Nalbin Nalbuphine HCL 1ml Injection
300.00$ – 750.00$
Nalbin Nalbuphine HCL 1ml Injection by Global Pharma x100 Amp
Nalbuphine hydrochloride is a synthetic opioid agonist–antagonist analgesic of the phenanthrene series. It is chemically related to both the widely used opioid antagonist, naloxone, and the potent opioid analgesic, oxymorphone. Chemically nalbuphine hydrochloride is 17-(cyclobutylmethyl)-4,5α- epoxymorphinan-3,6α,14-triol hydrochloride. Nalbuphine hydrochloride molecular weight is 393.91 and is soluble in H2O (35.5 mg/mL at 25°C) and ethanol (0.8%); insoluble in CHCl3 and ether. Nalbuphine hydrochloride has pKa values of 8.71 and 9.96. The molecular formula is C21H27NO4• HCl.

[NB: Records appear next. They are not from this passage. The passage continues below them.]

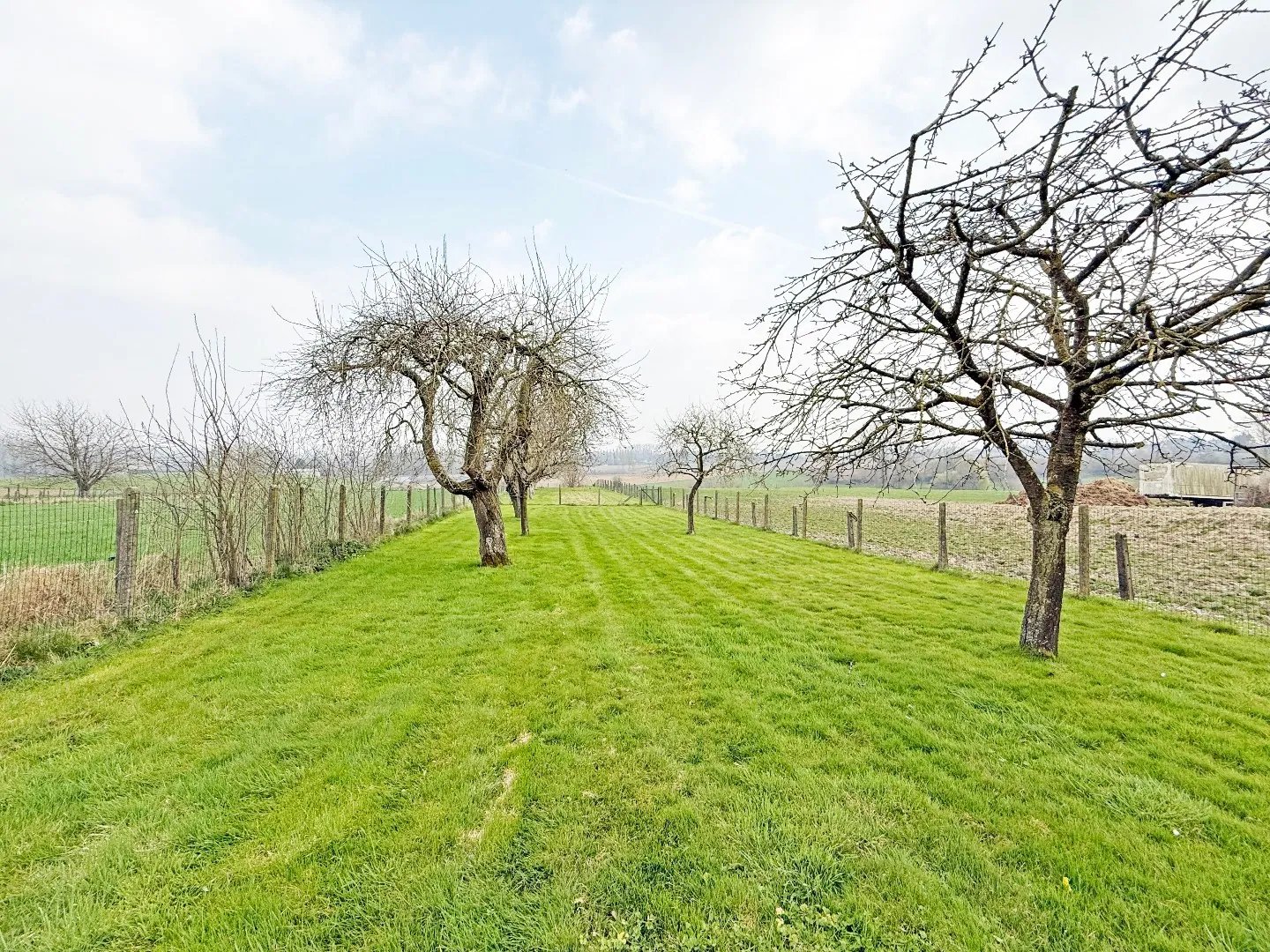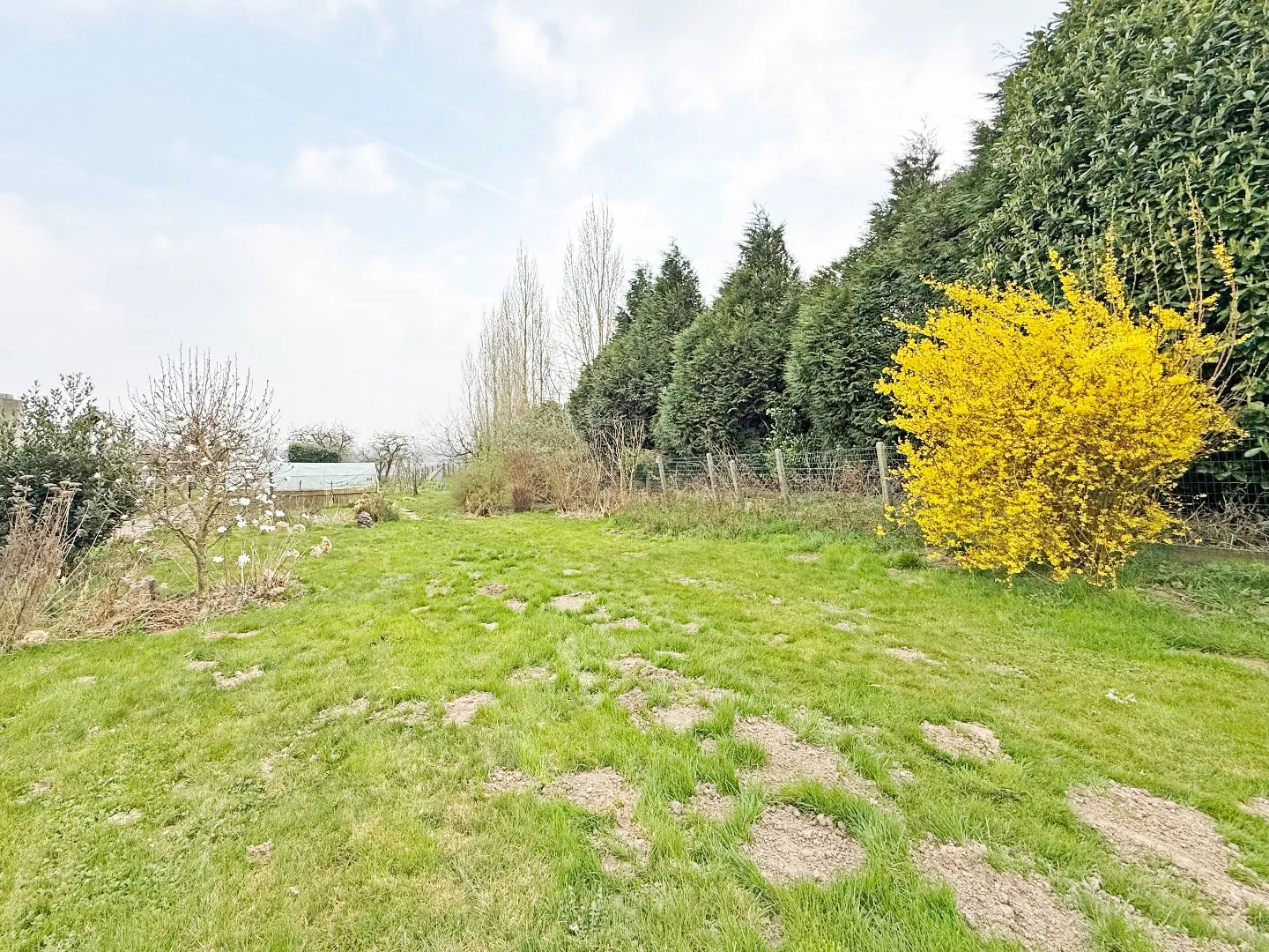 Buiten zijn er +/- 4 parkeerplaatsen op eigen terrein, er is een enorm uitgestrekte tuin met zicht op groen.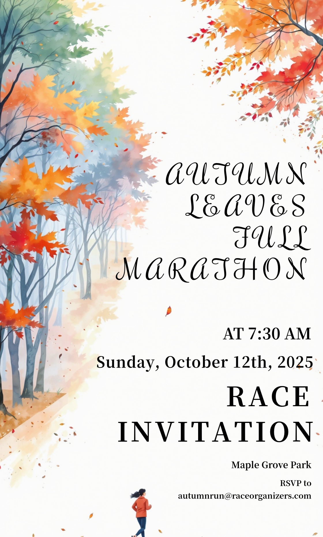 Autumn Leaves Full Marathon Invitation Template - AI Designs by MolyPix.AI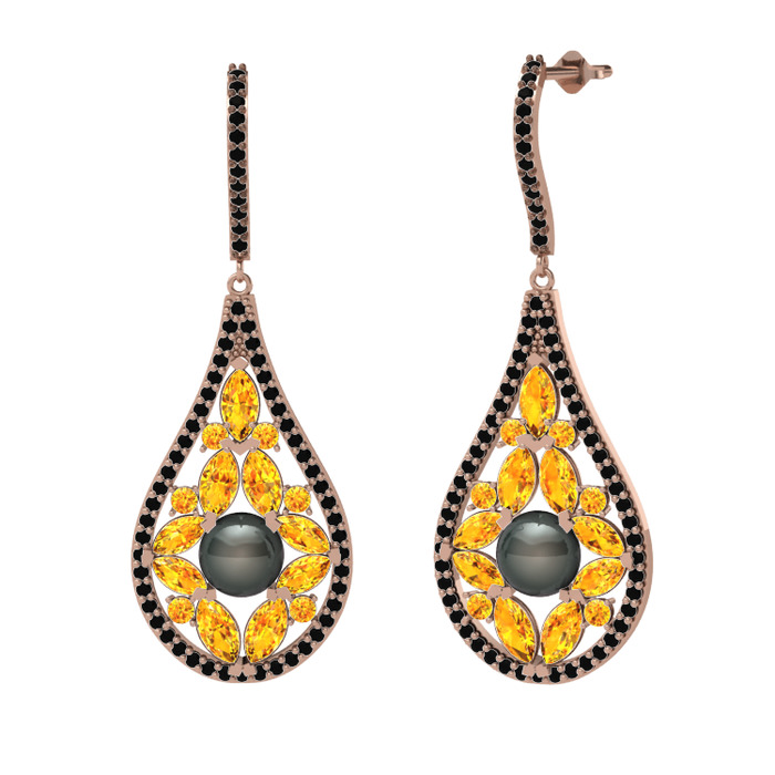 Siyah inci, sitrin ve siyah zirkon 8 ayar rose altın küpe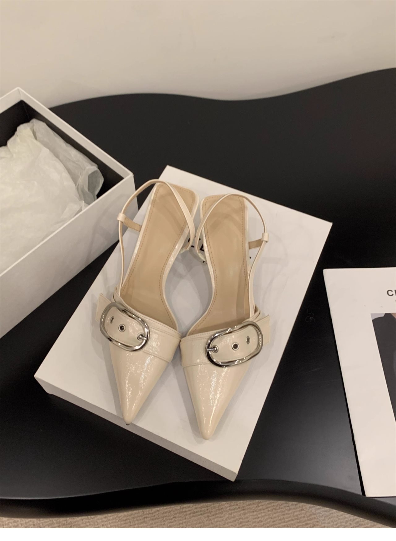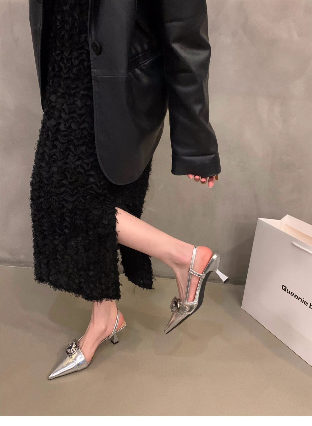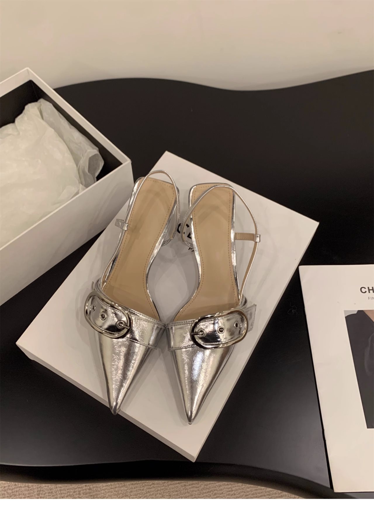 니치 프렌치 실버 하이힐 발가락 샌들 페어리 슈즈 2024 새로운 봄과 여름 우아한 포인팅 슈즈스토어 가기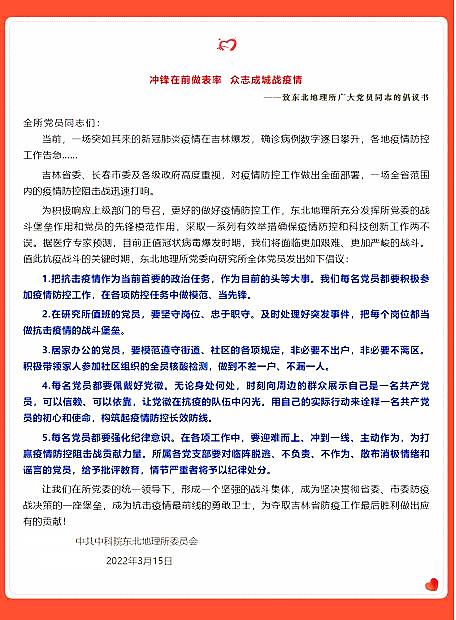 值此非常時期,東北地理所上下團結(jié)一心,持續(xù)貫徹落實上級黨組織各項決策部署。我們相信沒有一個寒冬不可逾越,沒有一個春天不會來臨,讓我們堅定信心、共克時艱,為奪取最后的勝利,奮勇向前!

Nalbuphine (HCl) is a synthetic opiate agonist/antagonist that is chemically related to both naloxone, a narcotic antagonist, and oxymorphone, a potent narcotic analgesic. Used to treat moderate to severe pain associated with acute and chronic medical disorders such as cancer, renal or biliary colic, migraine or vascular headaches, and surgical pain. Another clinical use is obstetrical analgesia during labor and delivery. Some evidence suggests that nalbuphine’s respiratory depressant effects do not increase proportionately with increasing doses, thus making this drug safer in patients at risk from respiratory depression. It was approved by the FDA in 1979. Nalbuphine exerts its effects by binding to specific opiate receptors present in the central nervous system, functions as an antagonist at the µ-receptor, however it has agonist action at ?-receptor, Nalbuphine is also an agonist at the d-receptor, but Nalbuphine (HCl) is nalbuphine’s action at the ?-receptor that provides analgesia. Actions at the ?-receptors are believed to produce alterations in the perception of pain as well as the emotional response to pain, possibly by altering the release of neurotransmitters from afferent nerves sensitive to painful stimuli.